The answer must consist solely of the lines below starting at the one containing "Let’s continue with" and ending at the one containing "着画のように黒で纏めてテーラ", repeated exactly, with both ends included and all pictures omitted.
(DATA FOR THIS EXERCISE)
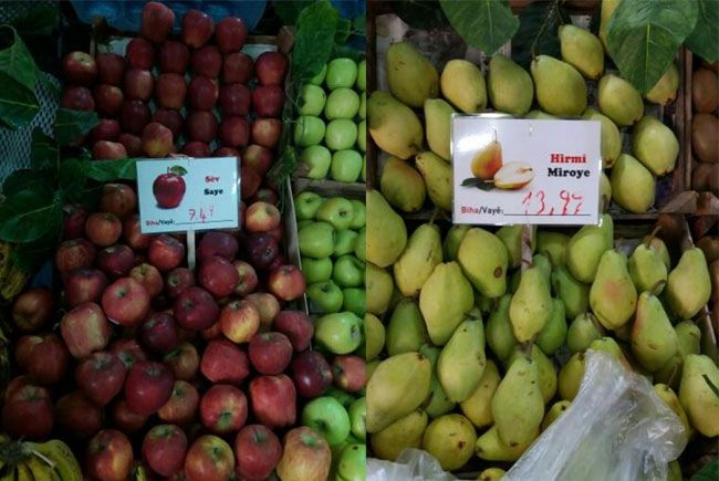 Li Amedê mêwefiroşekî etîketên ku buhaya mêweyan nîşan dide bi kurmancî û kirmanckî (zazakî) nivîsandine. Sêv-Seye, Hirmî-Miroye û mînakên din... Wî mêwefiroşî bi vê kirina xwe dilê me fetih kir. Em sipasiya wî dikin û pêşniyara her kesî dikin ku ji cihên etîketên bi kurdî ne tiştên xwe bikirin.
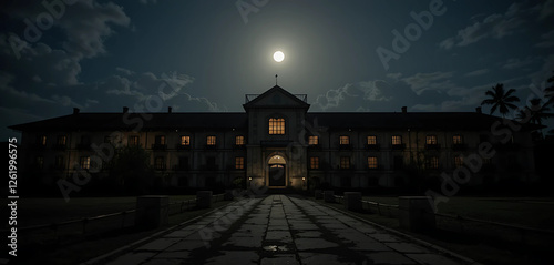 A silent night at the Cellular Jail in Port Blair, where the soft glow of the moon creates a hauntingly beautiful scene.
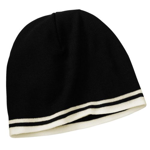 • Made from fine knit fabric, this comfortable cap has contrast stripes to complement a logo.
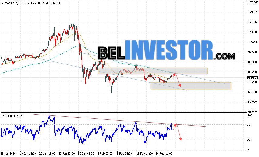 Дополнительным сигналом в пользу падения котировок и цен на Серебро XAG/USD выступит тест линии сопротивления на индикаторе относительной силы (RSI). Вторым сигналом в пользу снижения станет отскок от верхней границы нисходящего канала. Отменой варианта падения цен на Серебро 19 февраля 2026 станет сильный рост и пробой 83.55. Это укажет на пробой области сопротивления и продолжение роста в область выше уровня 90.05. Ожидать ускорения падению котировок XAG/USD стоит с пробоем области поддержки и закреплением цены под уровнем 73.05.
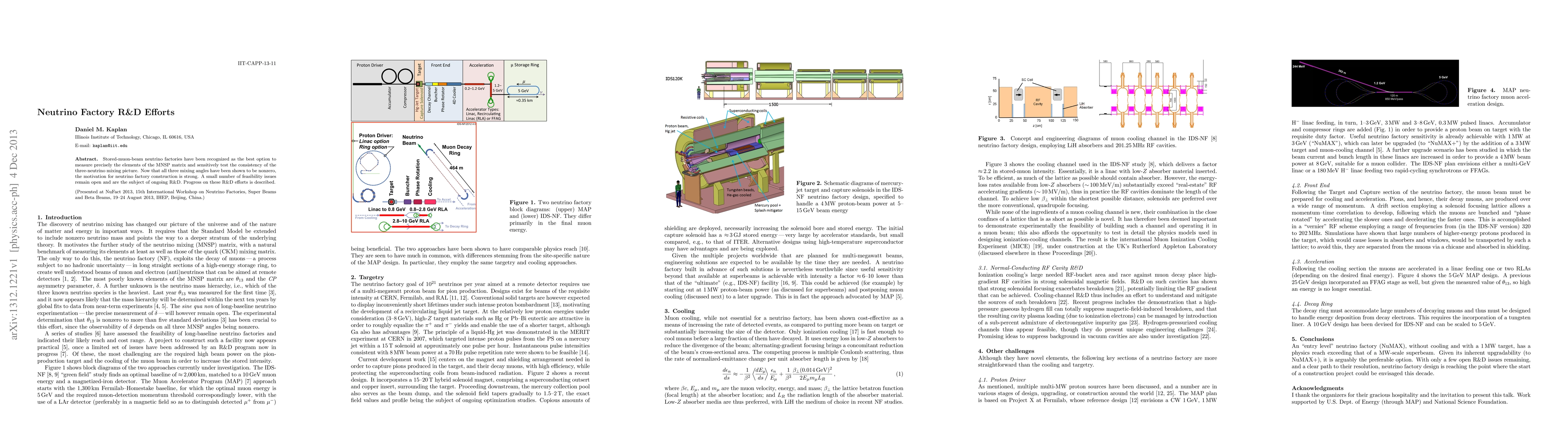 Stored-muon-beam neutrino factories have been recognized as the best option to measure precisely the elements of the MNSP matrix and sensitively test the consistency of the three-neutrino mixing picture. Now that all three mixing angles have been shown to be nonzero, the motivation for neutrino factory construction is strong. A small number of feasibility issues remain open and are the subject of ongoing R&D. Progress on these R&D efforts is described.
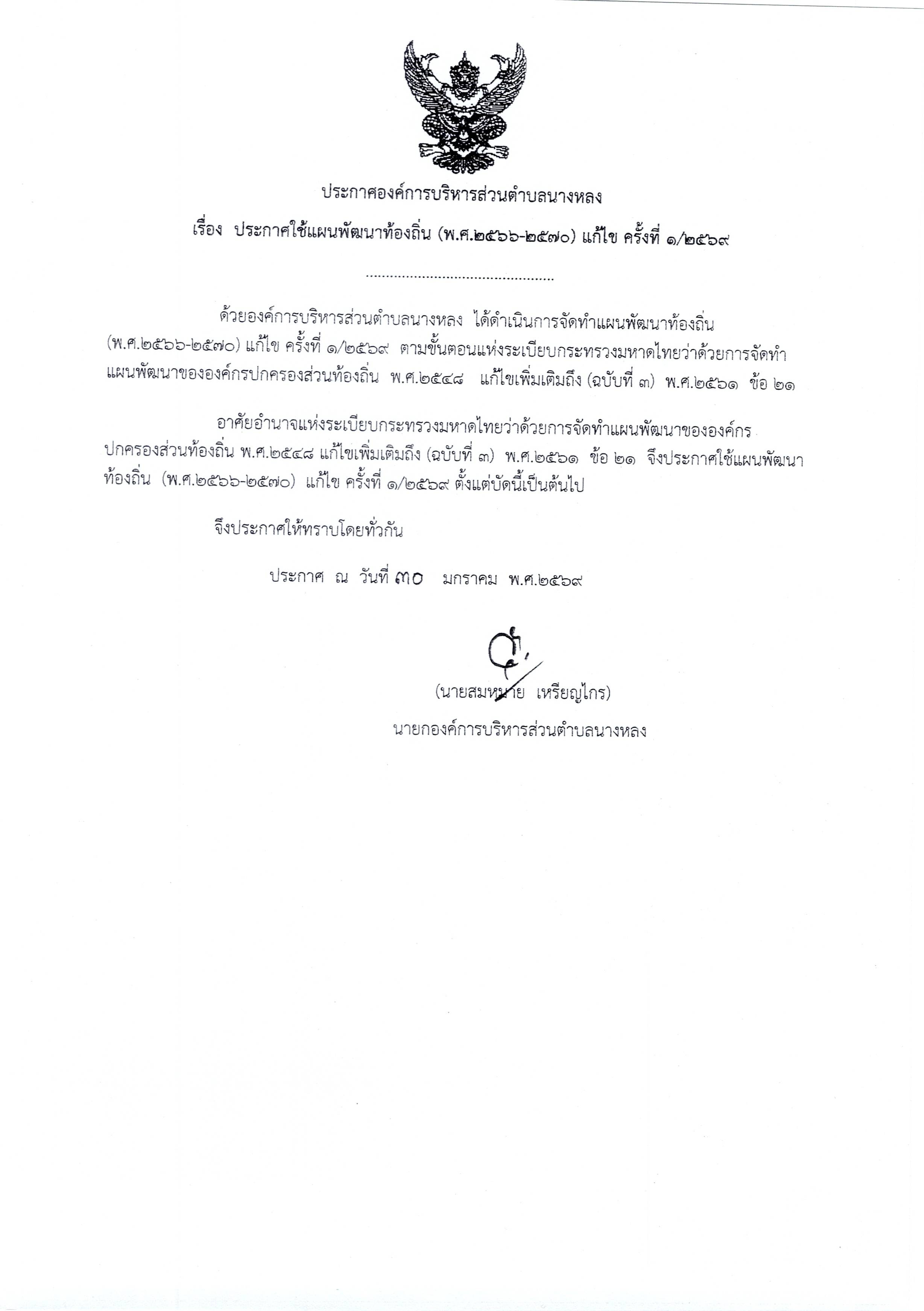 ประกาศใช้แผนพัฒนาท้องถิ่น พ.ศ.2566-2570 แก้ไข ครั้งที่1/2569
(End DATA FOR THIS EXERCISE)
(DATA FOR THIS EXERCISE)
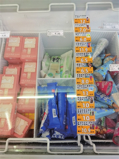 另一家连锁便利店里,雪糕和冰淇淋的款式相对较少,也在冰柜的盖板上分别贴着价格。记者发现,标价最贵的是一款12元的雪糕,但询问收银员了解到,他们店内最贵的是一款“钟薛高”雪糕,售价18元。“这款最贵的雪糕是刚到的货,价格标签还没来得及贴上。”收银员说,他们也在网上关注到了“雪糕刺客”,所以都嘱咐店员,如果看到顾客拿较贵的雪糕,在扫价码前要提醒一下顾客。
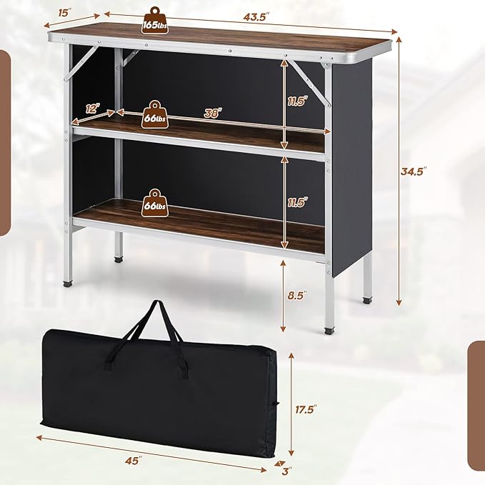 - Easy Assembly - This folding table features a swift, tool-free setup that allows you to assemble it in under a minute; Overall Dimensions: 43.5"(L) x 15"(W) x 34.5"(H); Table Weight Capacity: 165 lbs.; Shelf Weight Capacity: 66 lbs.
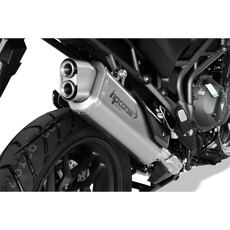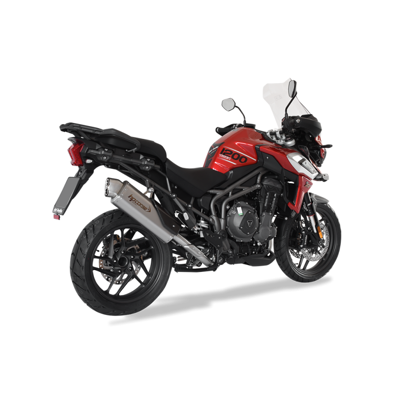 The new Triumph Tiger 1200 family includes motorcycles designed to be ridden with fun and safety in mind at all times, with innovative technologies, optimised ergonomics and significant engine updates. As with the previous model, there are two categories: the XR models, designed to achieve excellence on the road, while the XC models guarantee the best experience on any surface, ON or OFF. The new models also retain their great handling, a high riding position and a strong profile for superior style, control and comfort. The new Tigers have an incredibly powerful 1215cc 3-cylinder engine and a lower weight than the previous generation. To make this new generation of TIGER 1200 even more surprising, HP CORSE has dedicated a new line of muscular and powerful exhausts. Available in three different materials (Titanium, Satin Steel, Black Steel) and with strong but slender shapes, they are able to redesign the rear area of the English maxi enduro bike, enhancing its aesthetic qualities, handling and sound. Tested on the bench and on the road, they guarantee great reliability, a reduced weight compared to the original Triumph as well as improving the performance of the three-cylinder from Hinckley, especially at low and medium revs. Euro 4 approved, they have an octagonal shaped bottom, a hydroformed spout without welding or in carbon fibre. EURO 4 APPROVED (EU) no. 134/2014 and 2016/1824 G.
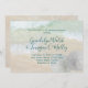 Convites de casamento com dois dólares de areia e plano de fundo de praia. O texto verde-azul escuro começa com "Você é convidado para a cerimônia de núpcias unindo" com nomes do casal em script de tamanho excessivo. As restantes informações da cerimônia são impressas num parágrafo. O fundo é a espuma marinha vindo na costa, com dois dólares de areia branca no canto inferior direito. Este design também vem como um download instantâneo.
(End DATA FOR THIS EXERCISE)
(DATA FOR THIS EXERCISE)
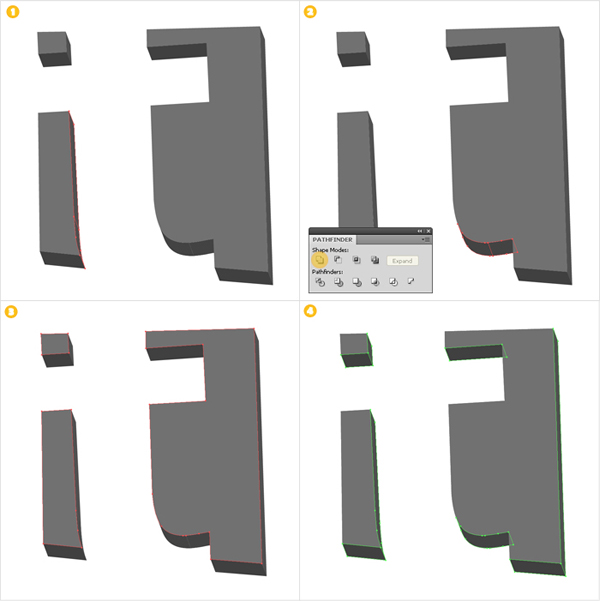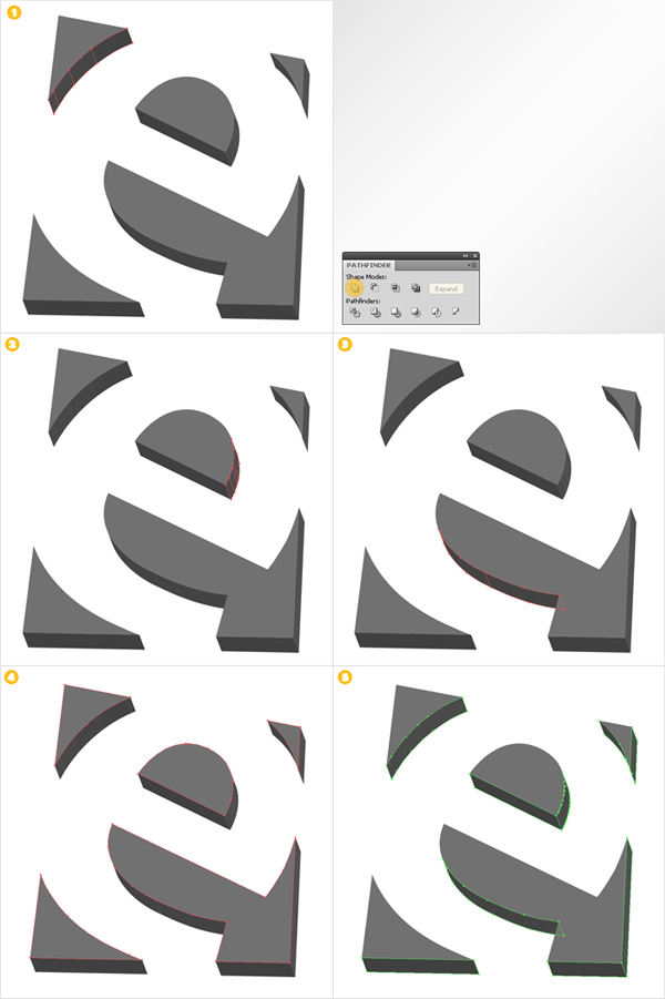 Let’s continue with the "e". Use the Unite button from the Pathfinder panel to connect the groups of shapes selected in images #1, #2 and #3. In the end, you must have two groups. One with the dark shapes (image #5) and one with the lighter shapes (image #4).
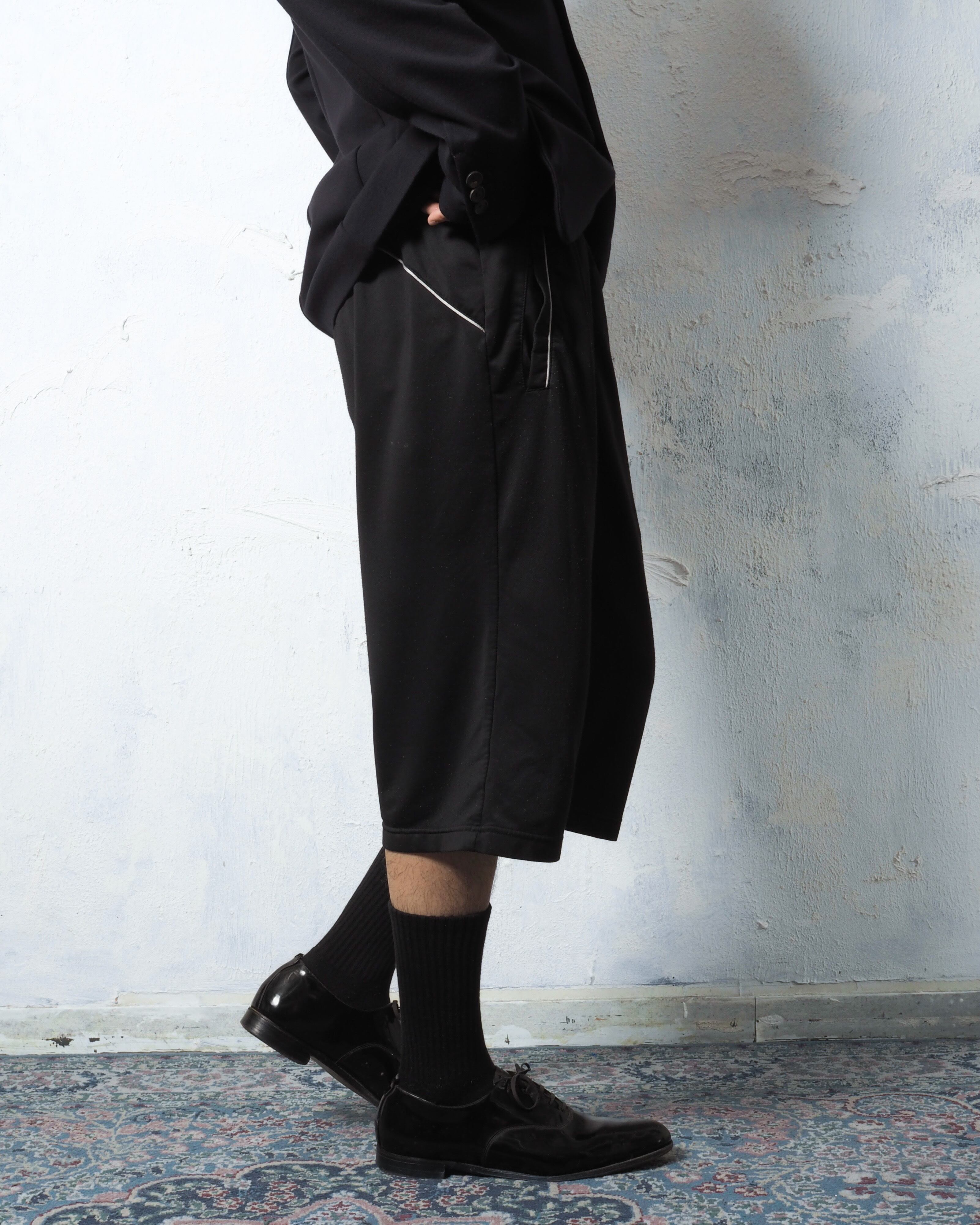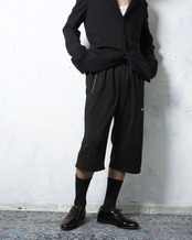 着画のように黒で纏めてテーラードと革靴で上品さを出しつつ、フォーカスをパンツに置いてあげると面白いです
(End DATA FOR THIS EXERCISE)
## TASK SOLUTION
 Let’s continue with the "e". Use the Unite button from the Pathfinder panel to connect the groups of shapes selected in images #1, #2 and #3. In the end, you must have two groups. One with the dark shapes (image #5) and one with the lighter shapes (image #4).
 着画のように黒で纏めてテーラードと革靴で上品さを出しつつ、フォーカスをパンツに置いてあげると面白いです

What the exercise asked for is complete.